◆ AVAILABLE DATA
BEGIN

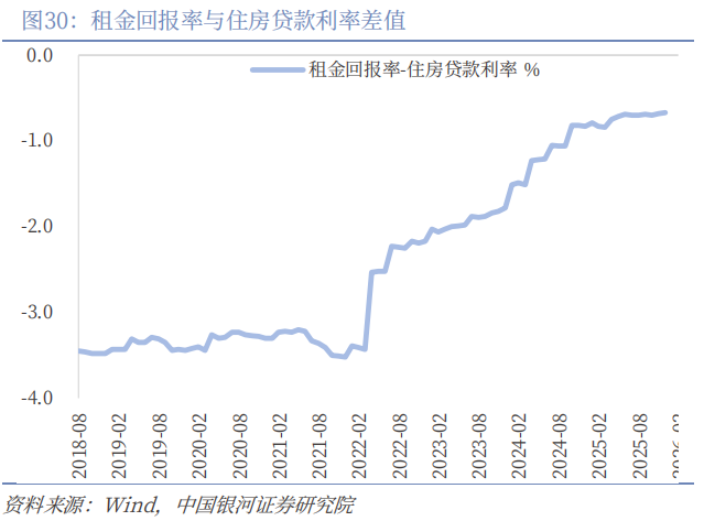 2021年开启的房地产下行周期,在经历了将近5年较为深度的调整之后,已出现“性价比”。房价的下跌被动推升了租金回报率,租金回报率渐渐超出了无风险回报率,同时租金回报率也在逐渐接近住房贷款利率。从2023年年末开始,百城租金回报率持续高于5年定期存款利率。同时,从2024年7月起,百城租金回报率持续高于10年期国债收益率。截止2025年末,百城住宅租金回报率为2.39%,与个人住房贷款利率的差额已收窄至67BP。
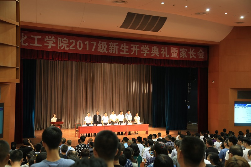 9月9日,tyc41183太阳成集团2017级新生开学典礼暨新生家长会在奉贤校区大活800人报告厅隆重举行。44118太阳成城集团副校长、轻化工程专业责任教授辛忠、tyc41183太阳成集团院长兼党委书记朱学栋、副院长赵双良、副院长方波、副院长刘殿华以及化学工程与工艺专业责任教授朱家文、油气储运工程责任教授徐心茹作为嘉宾出席了本次会议,开学典礼由党委副书记高艺霞主持。
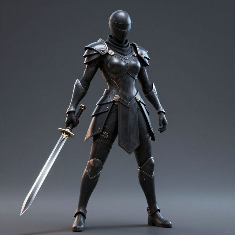 Cryptocurrency D&D character, warforged, ninja, smooth armor, small shoulders, sleek design, built for speed, wrist blade, full body v 5,
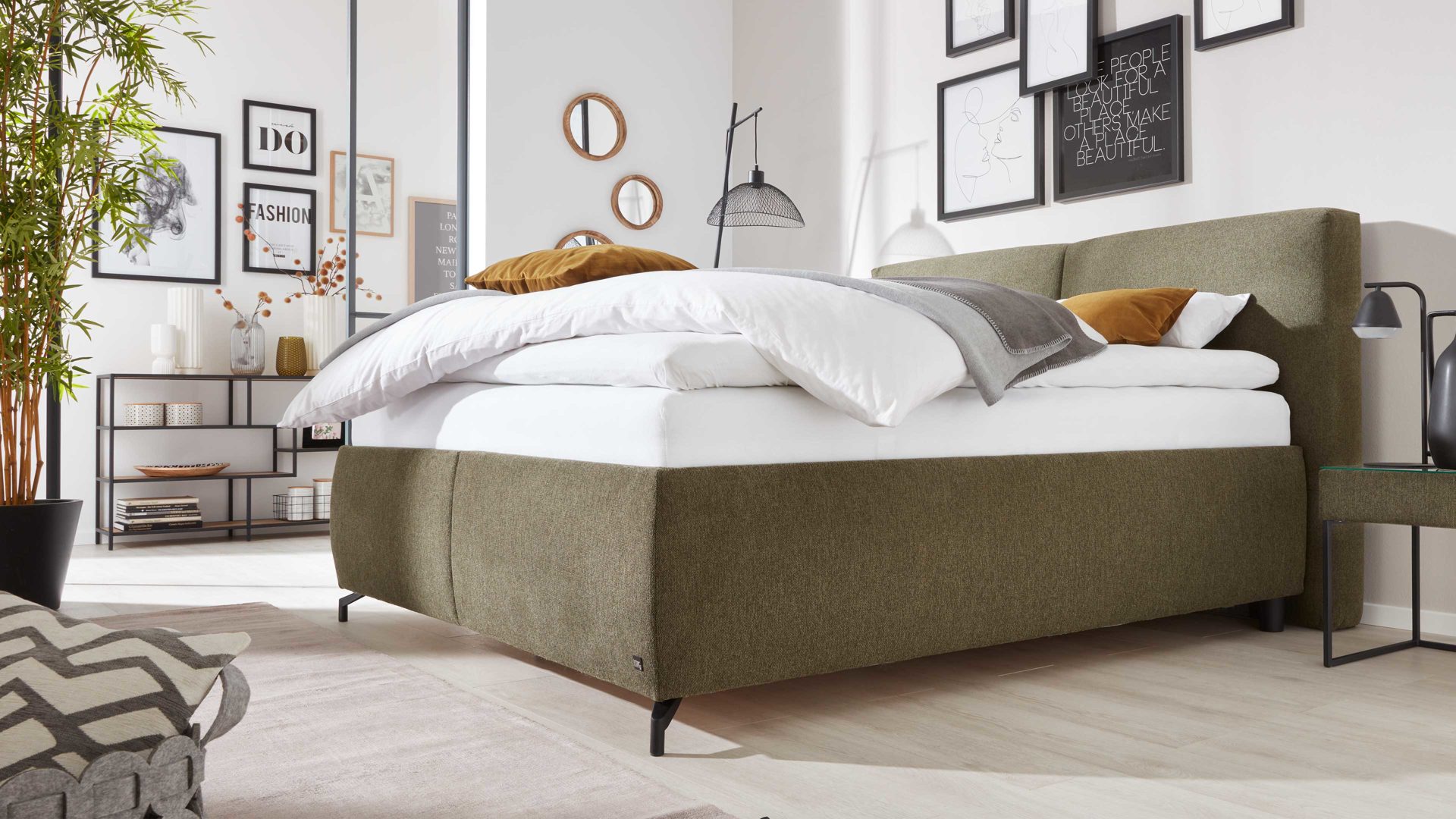 Das Polsterbett aus der Interliving Bettsystem Serie 1414 vereint modernes Design, durchdachte Funktionalität und hohen Schlafkomfort. Der olivgrüne Stoffbezug verleiht dem Bett eine warme, elegante Ausstrahlung und sorgt für ein stilvolles Ambiente im Schlafzimmer. Die schwarzen Metallfüße setzen einen modernen Akzent und erzeugen eine schwebende Optik – ideal, wenn du deinen Staubsaugerroboter mühelos darunter fahren lassen möchtest.

END

◆ EXERCISE
Transcribe the data verbatim. No picture belongs in the result.

◆ YOUR SOLUTION
 2021年开启的房地产下行周期,在经历了将近5年较为深度的调整之后,已出现“性价比”。房价的下跌被动推升了租金回报率,租金回报率渐渐超出了无风险回报率,同时租金回报率也在逐渐接近住房贷款利率。从2023年年末开始,百城租金回报率持续高于5年定期存款利率。同时,从2024年7月起,百城租金回报率持续高于10年期国债收益率。截止2025年末,百城住宅租金回报率为2.39%,与个人住房贷款利率的差额已收窄至67BP。
 9月9日,tyc41183太阳成集团2017级新生开学典礼暨新生家长会在奉贤校区大活800人报告厅隆重举行。44118太阳成城集团副校长、轻化工程专业责任教授辛忠、tyc41183太阳成集团院长兼党委书记朱学栋、副院长赵双良、副院长方波、副院长刘殿华以及化学工程与工艺专业责任教授朱家文、油气储运工程责任教授徐心茹作为嘉宾出席了本次会议,开学典礼由党委副书记高艺霞主持。
 Cryptocurrency D&D character, warforged, ninja, smooth armor, small shoulders, sleek design, built for speed, wrist blade, full body v 5,
 Das Polsterbett aus der Interliving Bettsystem Serie 1414 vereint modernes Design, durchdachte Funktionalität und hohen Schlafkomfort. Der olivgrüne Stoffbezug verleiht dem Bett eine warme, elegante Ausstrahlung und sorgt für ein stilvolles Ambiente im Schlafzimmer. Die schwarzen Metallfüße setzen einen modernen Akzent und erzeugen eine schwebende Optik – ideal, wenn du deinen Staubsaugerroboter mühelos darunter fahren lassen möchtest.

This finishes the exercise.